## [What the exercise asks]
Restate the following entries exactly. Keep the pictures out.

____ Provided material

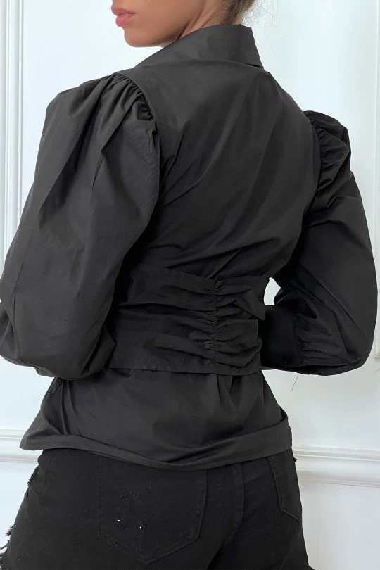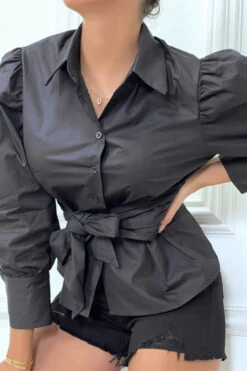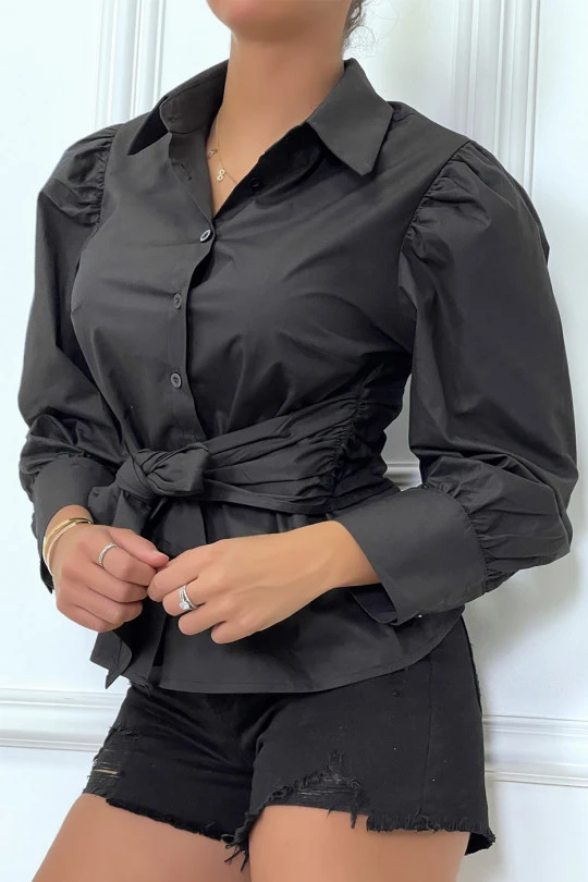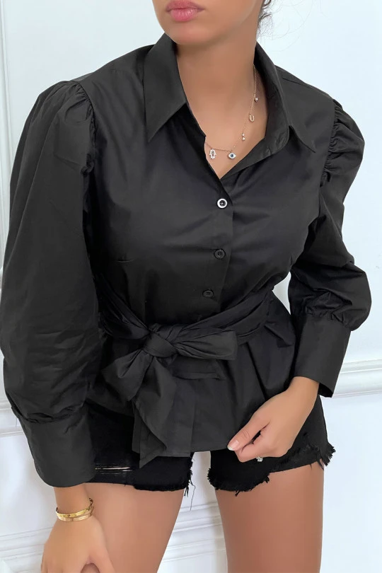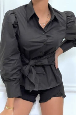 Chemise noire avec manches bouffante et ceinture intégré. Mode femme pas cher
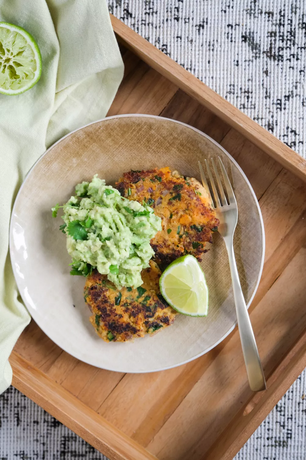 Deze voedzame zoete aardappelburgers met romige avocado en witte bonen zijn ideaal voor een snelle vegetarische lunch of een zomerse barbecue. Door zoete aardappel en bonen te stampen en kort te mengen in de keukenrobot krijg je stevige burgers die in kokosolie goudbruin bakken. Met spinazie, havermeel, komijn en een frisse avocadopuree met limoensap en koriander proef je hartige en frisse smaken in elk hapje.
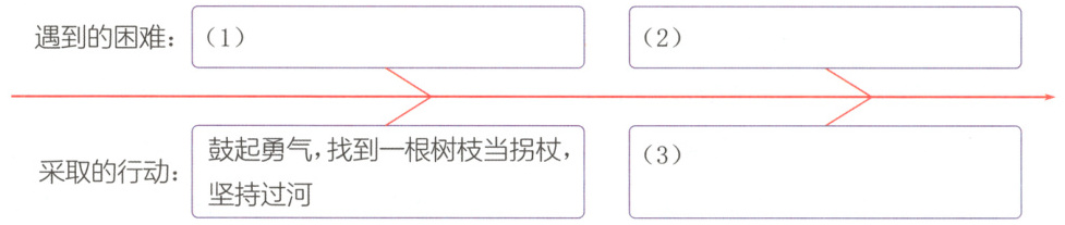 采取的行动:鼓起勇气,找到一根树枝当拐杖,坚持过河 (3)
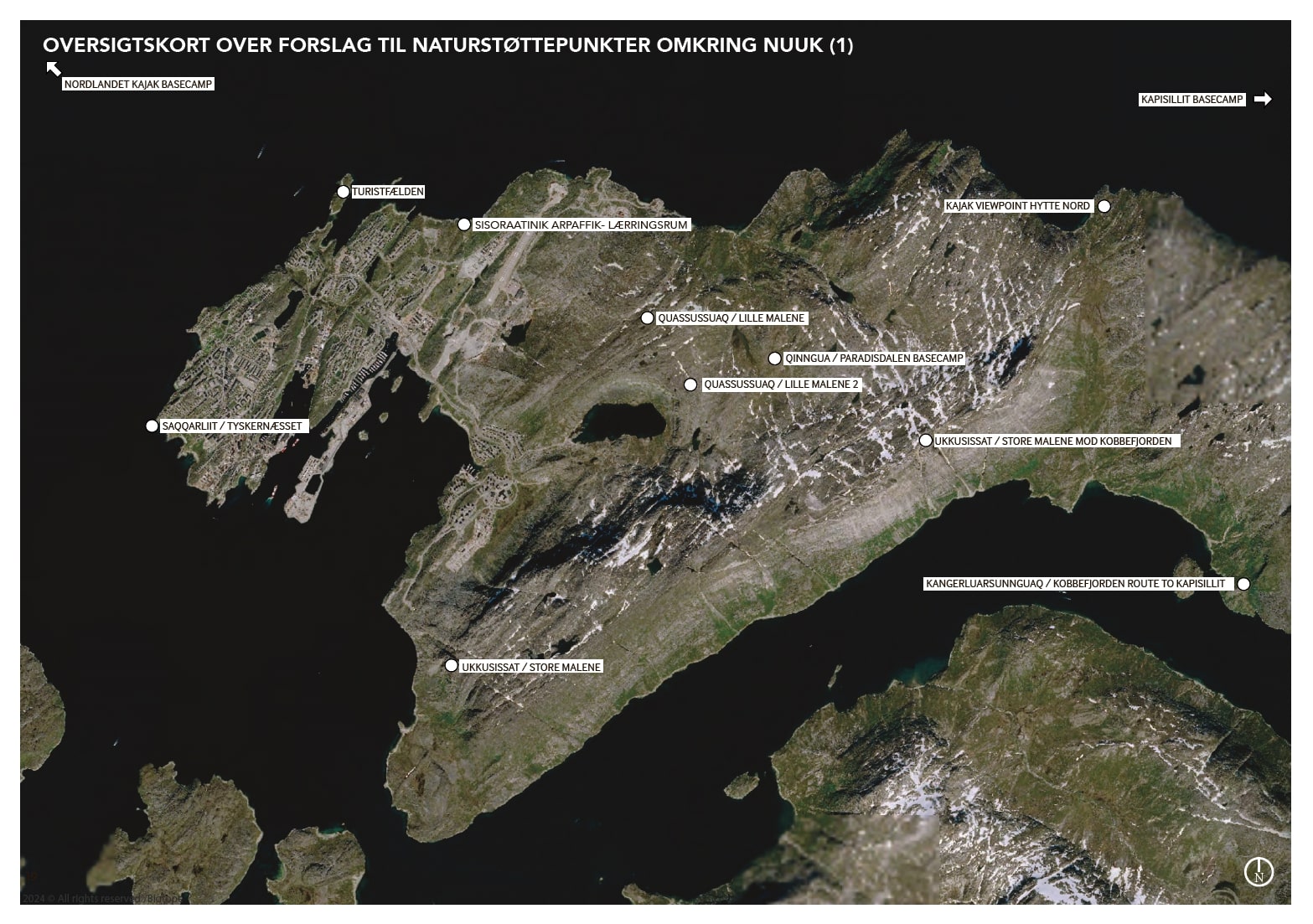 Oqquiffissap qalisap sumiiffigisassaa illoqarfimmut qaninnerpaasussaq Saqqarlerniittoq, borgmesterip danskillu aallartitaasa ullumi alakkarpaat. Oqquiffissaq taanna timmissanik isiginnaarnermik nuannarisalinnuunerusoq iluaqutaassaaq. Allat amerlanerpaat Nuup eqqaaniunerusoq inissisimassapput. Marluk Quassussuarmiissapput, marlullu Ukkusissamiissallutik. Ataaseq Nuup Akianiissaaq, allalu ataaseq Kapisilinni Kangersunerup tungaanut isikkiveqassalluni.
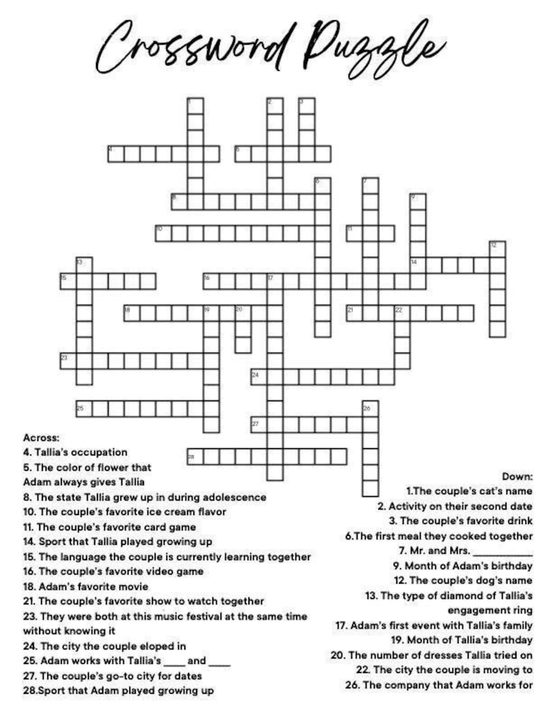 Personalized Crossword Puzzle for Wedding Bachelorette Party Bridal
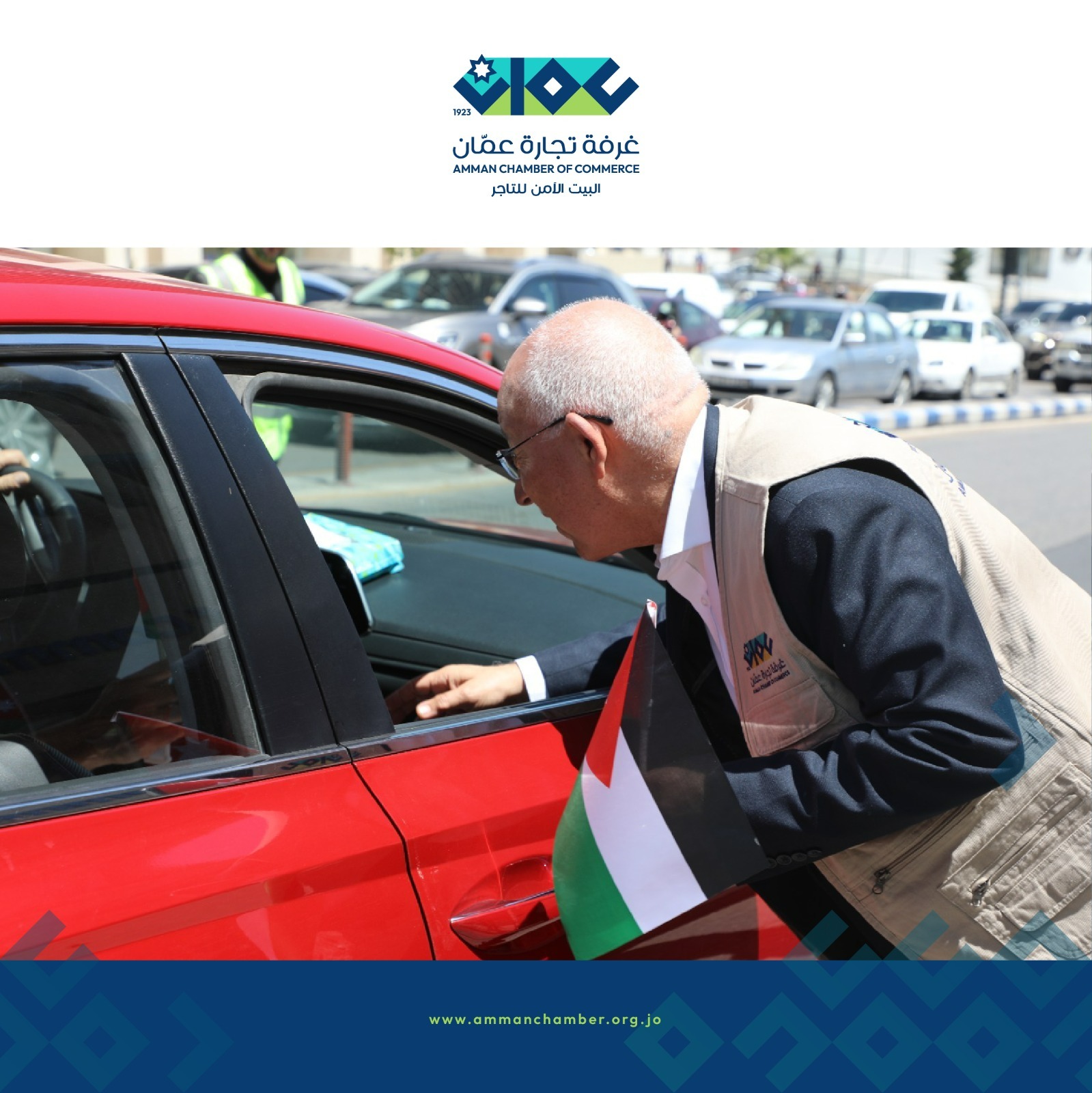 شاركت غرفة تجارة عمان اليوم الثلاثاء في حملة "علمناعال" من خلال توزيع الأعلام على المواطنين والسائقين في منطقة الشميساني، إحتفاءً باليوم الوطني للعلم الأردني، الذي يصادف 16 نيسان من كل عام.

________

## [Result of the exercise]
 Chemise noire avec manches bouffante et ceinture intégré. Mode femme pas cher
 Deze voedzame zoete aardappelburgers met romige avocado en witte bonen zijn ideaal voor een snelle vegetarische lunch of een zomerse barbecue. Door zoete aardappel en bonen te stampen en kort te mengen in de keukenrobot krijg je stevige burgers die in kokosolie goudbruin bakken. Met spinazie, havermeel, komijn en een frisse avocadopuree met limoensap en koriander proef je hartige en frisse smaken in elk hapje.
 采取的行动:鼓起勇气,找到一根树枝当拐杖,坚持过河 (3)
 Oqquiffissap qalisap sumiiffigisassaa illoqarfimmut qaninnerpaasussaq Saqqarlerniittoq, borgmesterip danskillu aallartitaasa ullumi alakkarpaat. Oqquiffissaq taanna timmissanik isiginnaarnermik nuannarisalinnuunerusoq iluaqutaassaaq. Allat amerlanerpaat Nuup eqqaaniunerusoq inissisimassapput. Marluk Quassussuarmiissapput, marlullu Ukkusissamiissallutik. Ataaseq Nuup Akianiissaaq, allalu ataaseq Kapisilinni Kangersunerup tungaanut isikkiveqassalluni.
 Personalized Crossword Puzzle for Wedding Bachelorette Party Bridal
 شاركت غرفة تجارة عمان اليوم الثلاثاء في حملة "علمناعال" من خلال توزيع الأعلام على المواطنين والسائقين في منطقة الشميساني، إحتفاءً باليوم الوطني للعلم الأردني، الذي يصادف 16 نيسان من كل عام.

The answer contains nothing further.